§ Supplied material

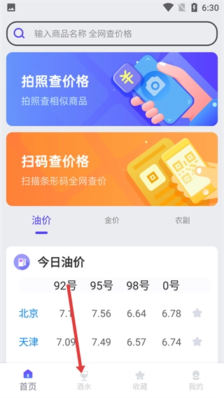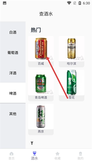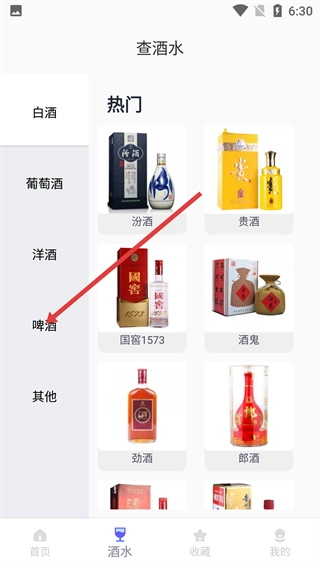 1、在软件首页,点击底部的【酒水】选项,进入酒水查询板块,就能查看各类酒水的分类。
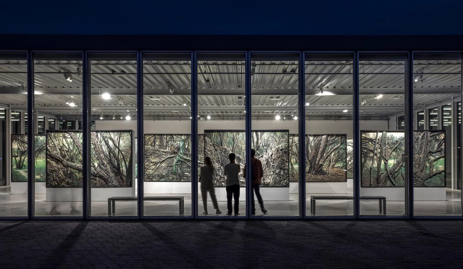 El proyecto superpone tres modelos expositivos: un bosque de alisos cuyos claros actúan como salas expositivas; un circuito de esculturas al aire libre; y un conjunto de tres pabellones intercalados con plazas que, bajo una misma cubierta, conforman el corazón del proyecto.
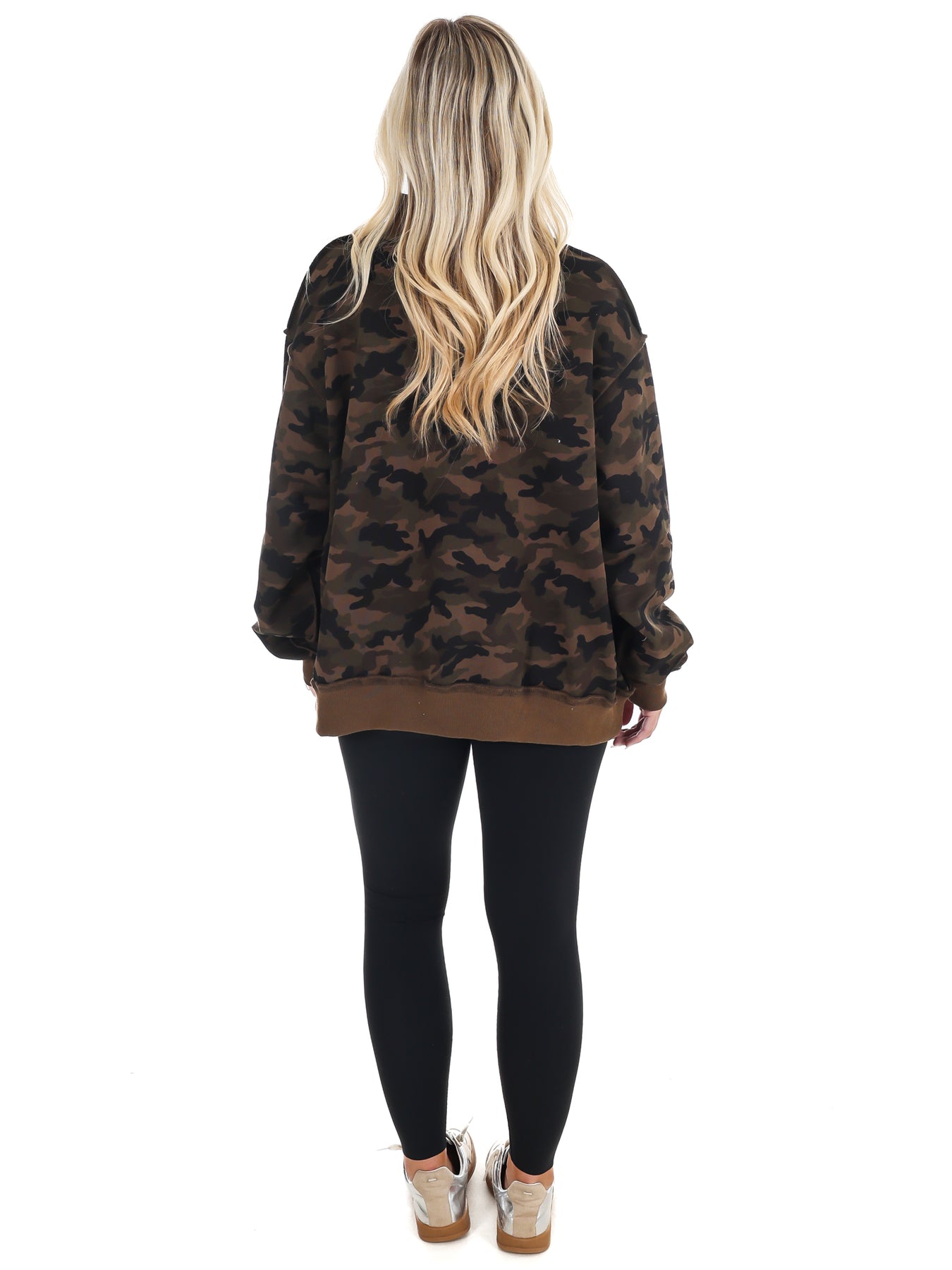 Step into the wild side with our Camo Mock Neck Sweatshirt—where tactical vibes meet cozy comfort. The classic camouflage pattern brings an edgy, adventurous edge to your everyday rotation, while the mock neck adds a touch of structured style. Perfect for layering or wearing solo, this sweatshirt keeps you looking effortlessly cool whether you're heading out for weekend adventures or just keeping it casual at home.
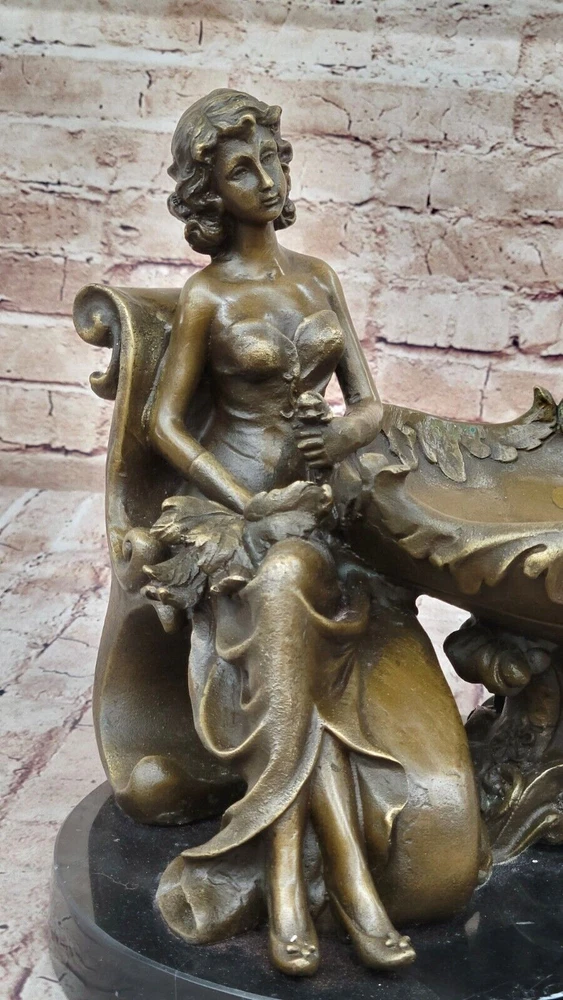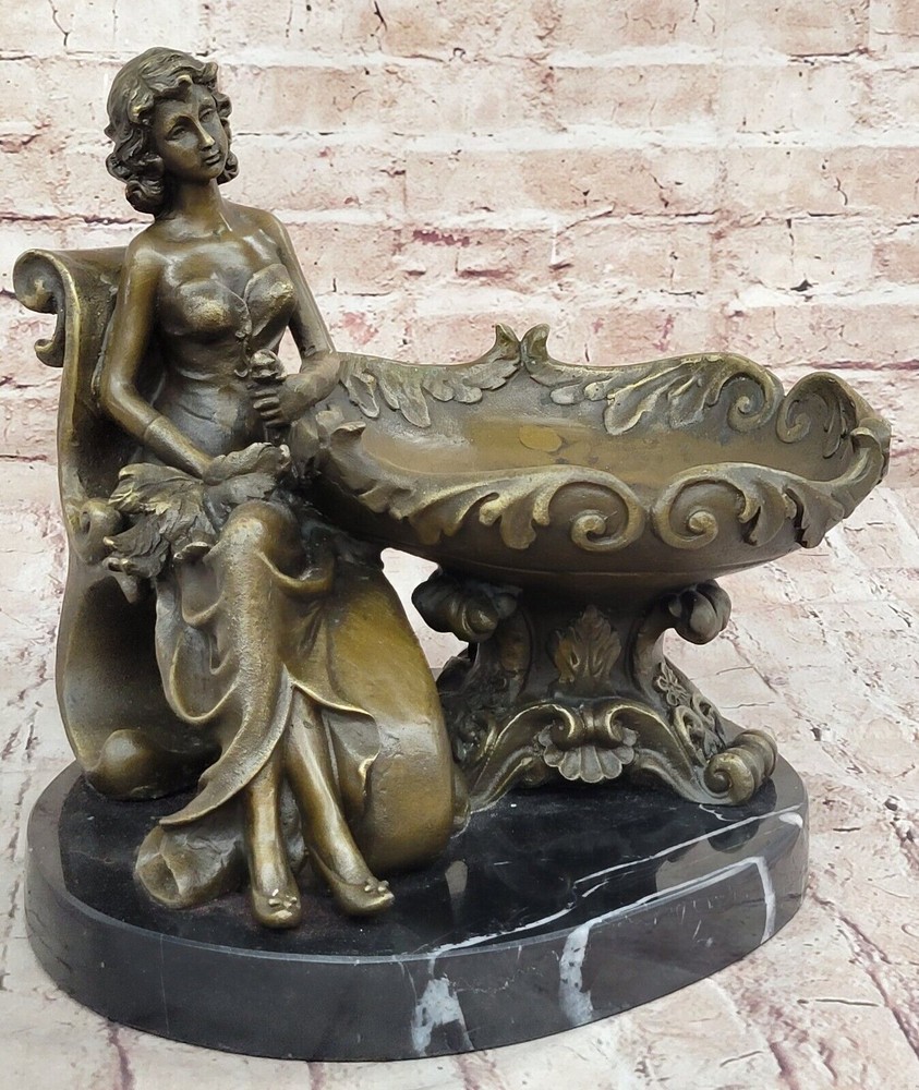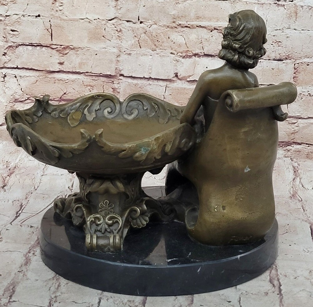 Figural Copper Bronze Signed Fisher Lost Wax Jewelry Receiver Tray Dish Artwork Figural Copper Bronze Signed Fisher Lost Wax Jewelry Receiver Tray Dish Artwork Condition : This sculpture is in perfect condition. Bronze Dimensions with Marble Base: Height 11" X Width 12.5" Marble Dimensions: Diameter 10" Height without base:10" Weight:22 LBS Inventory:47YRD134113274 Charming Composition and Artistic Expression This captivating bronze sculpture beautifully showcases a young girl as the central figure in a delightful and artistic composition. Reclining with an air of relaxed elegance, she holds an oversized, stylish plate on her lap, with her flowing skirt cascading behind her in a graceful manner. The half-nude figure exudes a sense of natural beauty and innocence, while the intricate designs on the plate add an extra layer of visual intrigue to the piece. The artist has skillfully captured a moment of serene contemplation, making the sculpture a charming addition to any space. Expert Craftsmanship and Attention to Detail Crafted with exceptional precision using the revered "Lost Wax Method," this sculpture reflects the meticulous attention to detail that characterizes the work of master sculptors. From the delicate curves of the girl's form to the elaborate patterns adorning the plate, every element of the sculpture has been thoughtfully executed. The rich bronze finish, paired with the sleek black marble base, enhances the overall aesthetic, providing a striking contrast that highlights the sculpture's intricate details and enhances its visual appeal. A Unique and Collectible Piece of Art Signed by the artist Fisher, this sculpture not only stands as a testament to the artist's skill but also adds to its value as a collectible piece of art. Its distinctive design offers a fresh and unique perspective on traditional statuary, making it a standout addition to any collection. Whether displayed as a centerpiece in a home or as part of a larger art ensemble, this sculpture invites viewers to admire the fusion of creativity, craftsmanship, and elegance that it embodies, making it a cherished and admired piece in any setting. Art Noveau Decorative Business Card Holder Bronze Sculpture Figurine Deal www.bronzhaus.com Video will open in a new window Using the eBay App? Paste link into a browser window: [isdntekvideo] Shipping Terms : Most of our items are shipped via USPS (United States Postal Service) mail or UPS. Most orders are shipped within 24-48 hours of purchase. Please be aware that not all items are available for USPS shipping due to size and weight. We do ship to Hawaii, Alaska, Canada, Puerto Rico, APO/AE, and U.S. Virgin Islands, however, an additional charge may be required. Please contact us before making any purchases in these areas. For Non-USA customers, you may be responsible for all duty, tax, brokerage fees that may be due upon delivery (shipping costs cover freight charges only). We also ship internationally. Please refer to the "Shipping and Handling" chart for the rates for each area. Payment : We accept just about any form of payment. PayPal, Master Card, Visa or American Express credit cards. Money orders, cashiers checks, and even personal or business checks. For governmental institutions, we will also accept a purchase order. Please understand that for personal or business checks we have to wait for the check to clear (usually 7 days) before shipping. Condition : New Detailed Hand Crafted Hot Cast Bronze ~Not Resin~ Satisfaction Guaranteed. This is Stock Photo, Slight Color Variation!! Listing and template services provided by inkFrog
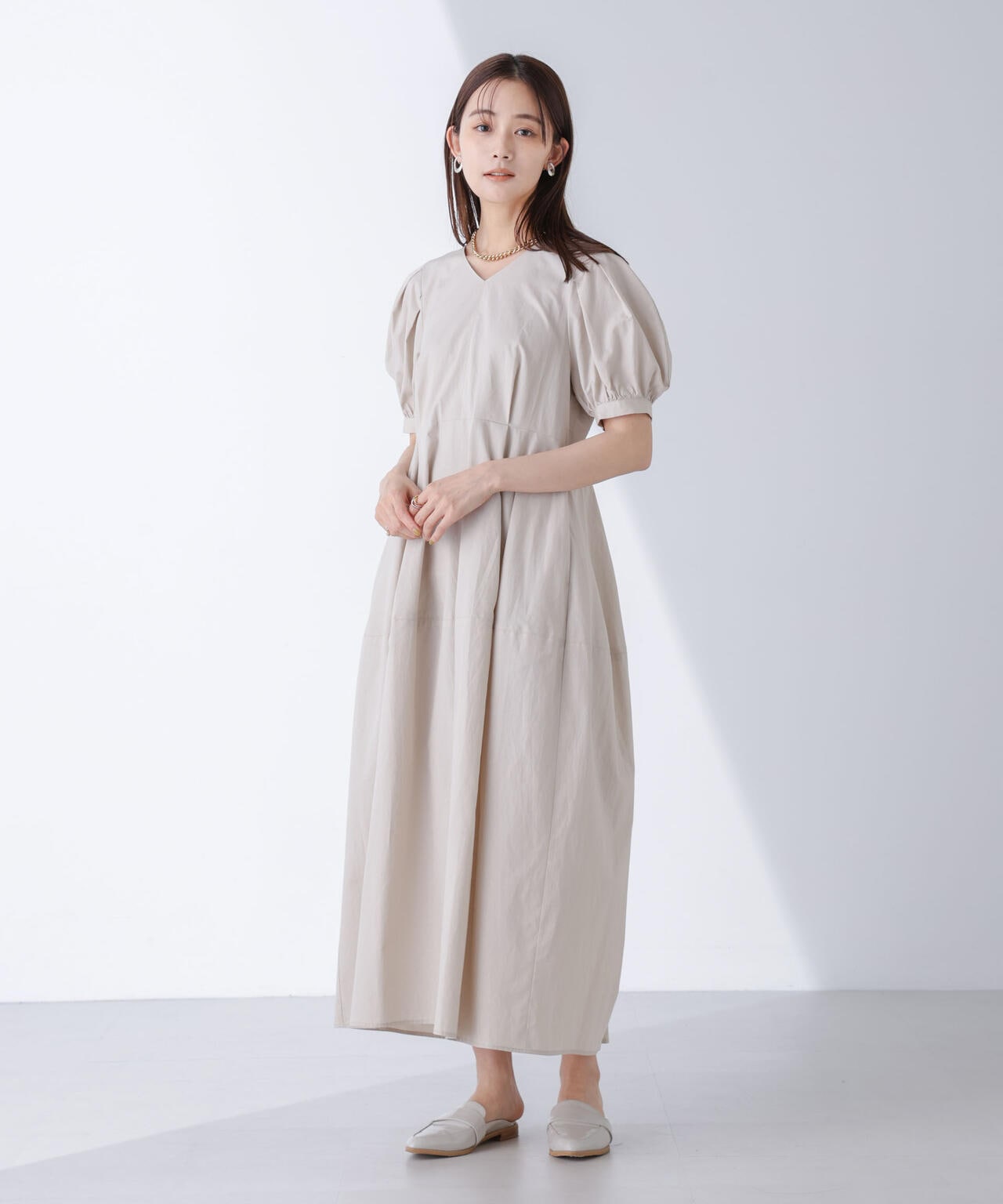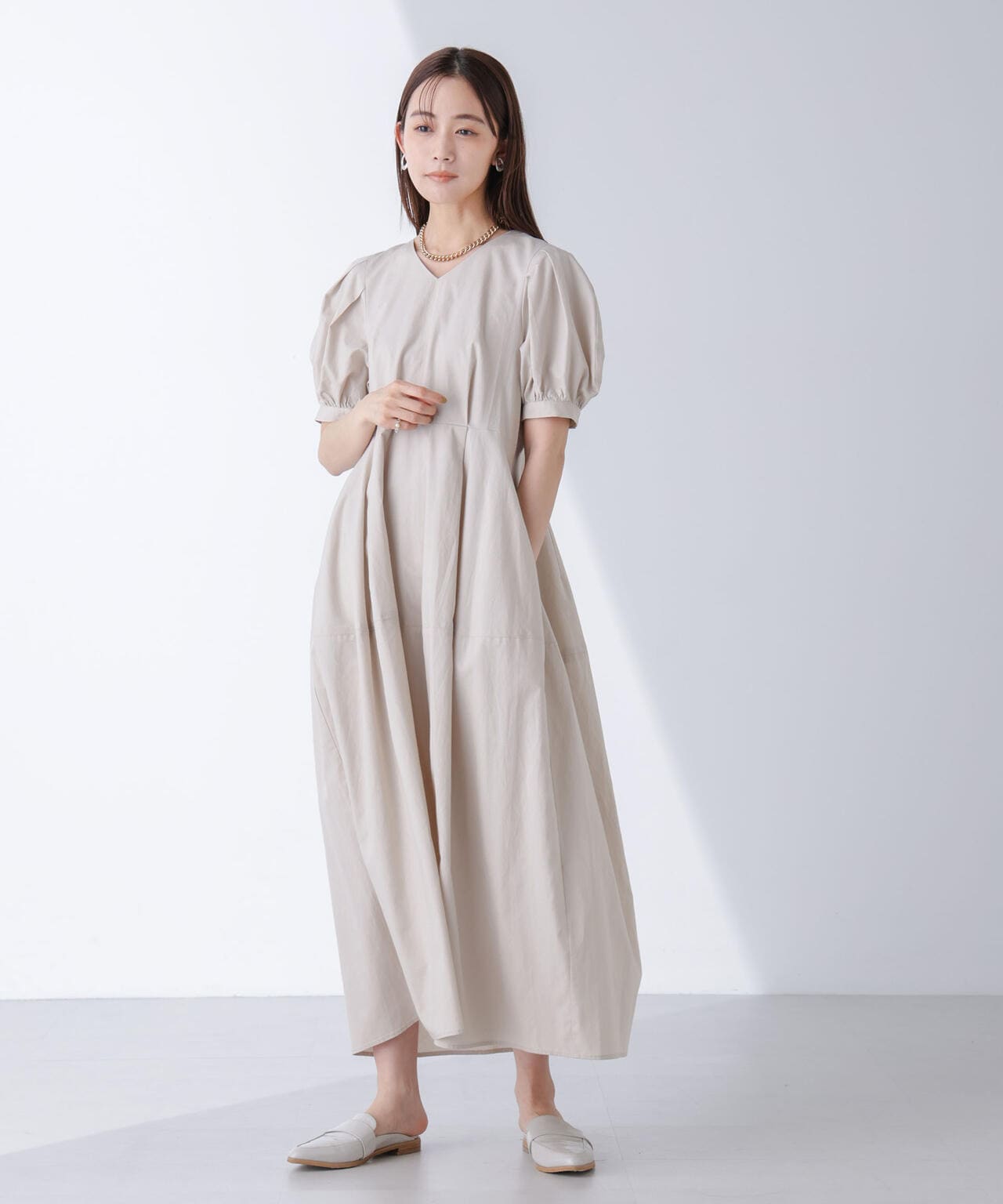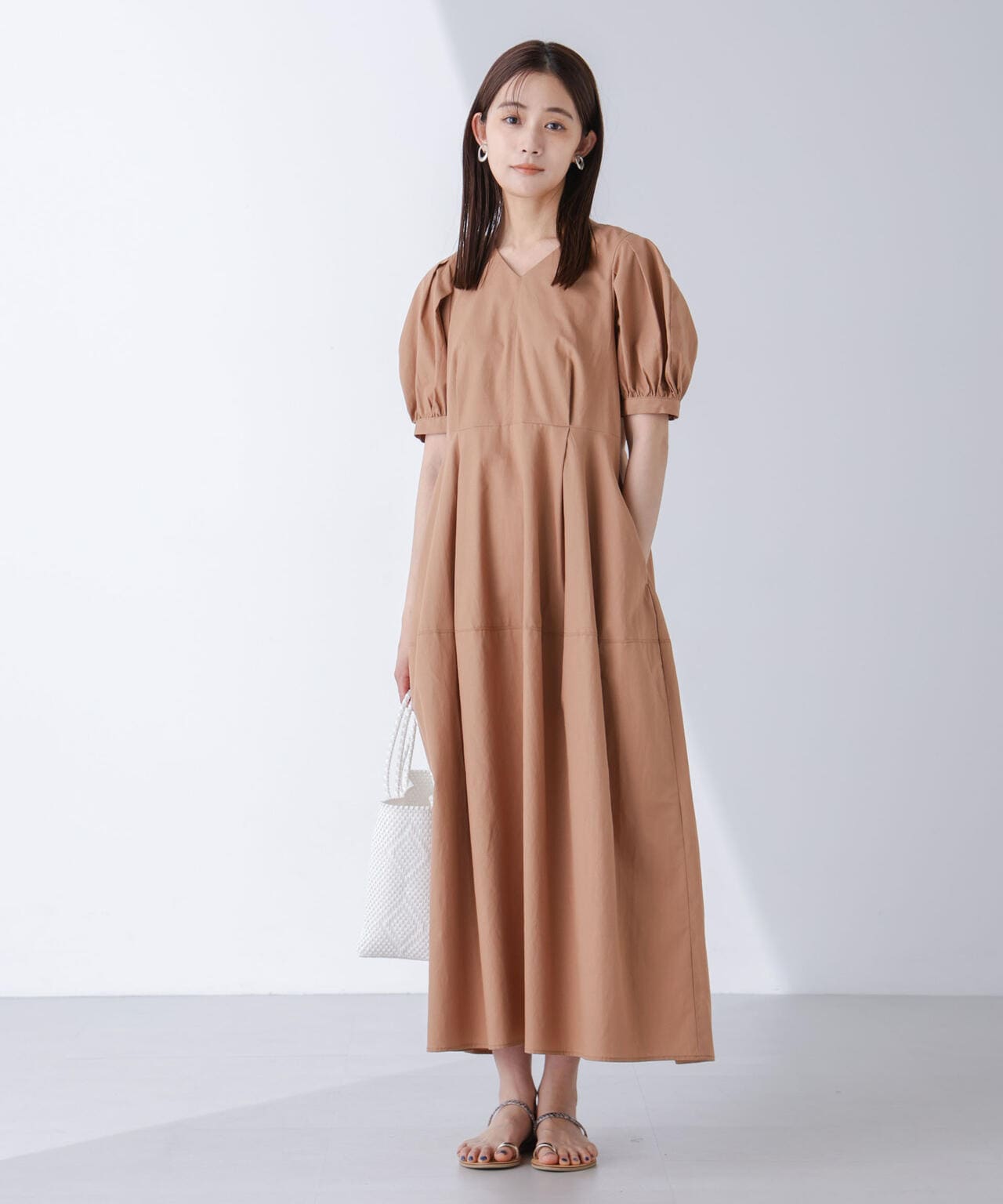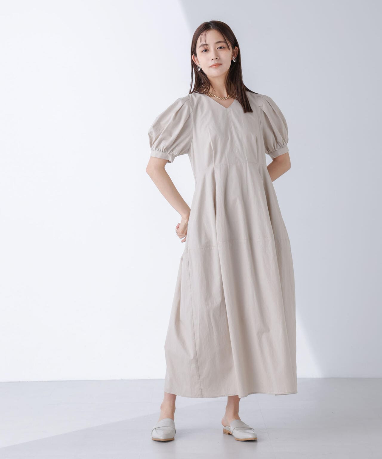 時短でコーディネートが決まる、夏素材のデザインワンピース。ボリュームのある袖やランタン切り替えのスカートシルエットが、トレンド感を演出します。涼し気な印象の浅めのVネックで、インナーを問わずに着られるのもうれしいポイント。サンダルやかごバック等夏の小物をプラスして、リゾートやレジャーシーンにも活躍が期待できる逸品です。

§ The task
Everything in the material goes into the copy exactly, except the images.

§ Result of the exercise
 1、在软件首页,点击底部的【酒水】选项,进入酒水查询板块,就能查看各类酒水的分类。
 El proyecto superpone tres modelos expositivos: un bosque de alisos cuyos claros actúan como salas expositivas; un circuito de esculturas al aire libre; y un conjunto de tres pabellones intercalados con plazas que, bajo una misma cubierta, conforman el corazón del proyecto.
 Step into the wild side with our Camo Mock Neck Sweatshirt—where tactical vibes meet cozy comfort. The classic camouflage pattern brings an edgy, adventurous edge to your everyday rotation, while the mock neck adds a touch of structured style. Perfect for layering or wearing solo, this sweatshirt keeps you looking effortlessly cool whether you're heading out for weekend adventures or just keeping it casual at home.
 Figural Copper Bronze Signed Fisher Lost Wax Jewelry Receiver Tray Dish Artwork Figural Copper Bronze Signed Fisher Lost Wax Jewelry Receiver Tray Dish Artwork Condition : This sculpture is in perfect condition. Bronze Dimensions with Marble Base: Height 11" X Width 12.5" Marble Dimensions: Diameter 10" Height without base:10" Weight:22 LBS Inventory:47YRD134113274 Charming Composition and Artistic Expression This captivating bronze sculpture beautifully showcases a young girl as the central figure in a delightful and artistic composition. Reclining with an air of relaxed elegance, she holds an oversized, stylish plate on her lap, with her flowing skirt cascading behind her in a graceful manner. The half-nude figure exudes a sense of natural beauty and innocence, while the intricate designs on the plate add an extra layer of visual intrigue to the piece. The artist has skillfully captured a moment of serene contemplation, making the sculpture a charming addition to any space. Expert Craftsmanship and Attention to Detail Crafted with exceptional precision using the revered "Lost Wax Method," this sculpture reflects the meticulous attention to detail that characterizes the work of master sculptors. From the delicate curves of the girl's form to the elaborate patterns adorning the plate, every element of the sculpture has been thoughtfully executed. The rich bronze finish, paired with the sleek black marble base, enhances the overall aesthetic, providing a striking contrast that highlights the sculpture's intricate details and enhances its visual appeal. A Unique and Collectible Piece of Art Signed by the artist Fisher, this sculpture not only stands as a testament to the artist's skill but also adds to its value as a collectible piece of art. Its distinctive design offers a fresh and unique perspective on traditional statuary, making it a standout addition to any collection. Whether displayed as a centerpiece in a home or as part of a larger art ensemble, this sculpture invites viewers to admire the fusion of creativity, craftsmanship, and elegance that it embodies, making it a cherished and admired piece in any setting. Art Noveau Decorative Business Card Holder Bronze Sculpture Figurine Deal www.bronzhaus.com Video will open in a new window Using the eBay App? Paste link into a browser window: [isdntekvideo] Shipping Terms : Most of our items are shipped via USPS (United States Postal Service) mail or UPS. Most orders are shipped within 24-48 hours of purchase. Please be aware that not all items are available for USPS shipping due to size and weight. We do ship to Hawaii, Alaska, Canada, Puerto Rico, APO/AE, and U.S. Virgin Islands, however, an additional charge may be required. Please contact us before making any purchases in these areas. For Non-USA customers, you may be responsible for all duty, tax, brokerage fees that may be due upon delivery (shipping costs cover freight charges only). We also ship internationally. Please refer to the "Shipping and Handling" chart for the rates for each area. Payment : We accept just about any form of payment. PayPal, Master Card, Visa or American Express credit cards. Money orders, cashiers checks, and even personal or business checks. For governmental institutions, we will also accept a purchase order. Please understand that for personal or business checks we have to wait for the check to clear (usually 7 days) before shipping. Condition : New Detailed Hand Crafted Hot Cast Bronze ~Not Resin~ Satisfaction Guaranteed. This is Stock Photo, Slight Color Variation!! Listing and template services provided by inkFrog
 時短でコーディネートが決まる、夏素材のデザインワンピース。ボリュームのある袖やランタン切り替えのスカートシルエットが、トレンド感を演出します。涼し気な印象の浅めのVネックで、インナーを問わずに着られるのもうれしいポイント。サンダルやかごバック等夏の小物をプラスして、リゾートやレジャーシーンにも活躍が期待できる逸品です。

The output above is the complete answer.